"For me, this NSF award gives me great confidence and provides necessary funding resources for my research on graph neural networks," Gao said.
Project Abstract: Many data in the real world can be naturally represented by graphs, such as social networks, citation networks, chemical compounds, and biological networks. The graph structure is an effective way to express relationships among a collection of items. Using graphs to represent these data, we can obtain an advanced understanding of the complex data structures embedded in the raw data. Graph mining using machine learning methods yields many exciting discoveries in various fields. Existing graph deep learning methods, such as graph convolutional networks (GNN), conduct local information aggregation with local structural operations. They usually stack multiple graph convolutional layers to enable a larger receptive field, which is straightforward but can result in several issues, including over-fitting and over-smoothing. These issues are critical to graph neural networks but are not well investigated. The objective of this project is to develop advanced graph learning methods without going deep and complex. This project also facilitates integrating graph learning algorithms into existing curricula of Machine Learning courses at both undergraduate and graduate levels.

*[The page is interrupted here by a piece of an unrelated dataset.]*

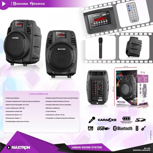 Sistema de audio portátil Maxtron Bazooka Advance con conexión inalámbrica BT (hasta 20 metros de distancia), lector de memorias USB/SD, sintonizador de radio FM, pantalla digital y botones de función, control remoto y micrófono inalámbrico. Posee entrada auxiliar RCA para fuentes de audio externas, entrada para guitarra eléctrica y es compatible con TV, DVD, smartphones, tablets y otros equipos. Además, cuenta con baterÃa interna recargable de 4.5 Ah.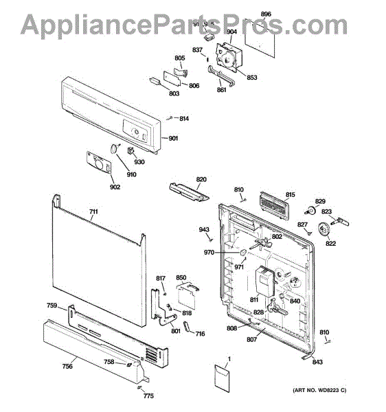 The Soap Dispenser Lever is an OEM part for GE dishwashers. It operates the soap dispenser door, releasing detergent into the dishwasher at the appropriate time during the wash cycle. This lever ensures that detergent is dispensed efficiently for optimal cleaning performance.

Specifically, this project focuses on how to enlarge receptive fields without going deep effectively. This project develops a set of advanced convolution, pooling, and un-pooling operations on graphs. The advanced graph convolution layer utilizes teleport functions to select highly relevant nodes at the global scope. In this layer, a teleport function computes relevance between the center node and other nodes beyond the local neighborhood. The nodes with particular relevance are teleported for the center node, enabling the center node to gather information from a broader neighborhood. The new graph pooling layer uses an attention operation to produce a better-connected coarsened graph with more graph topology information. In particular, it leverages an attention operator to generate ranking scores for node selection, capturing the graph connectivity information. The proposed graph un-pooling layer utilizes an attention operator to initialize restored nodes. Altogether, this project provides a systematic GNN study on graph feature and structure learning and is expected to advance GNNs development significantly.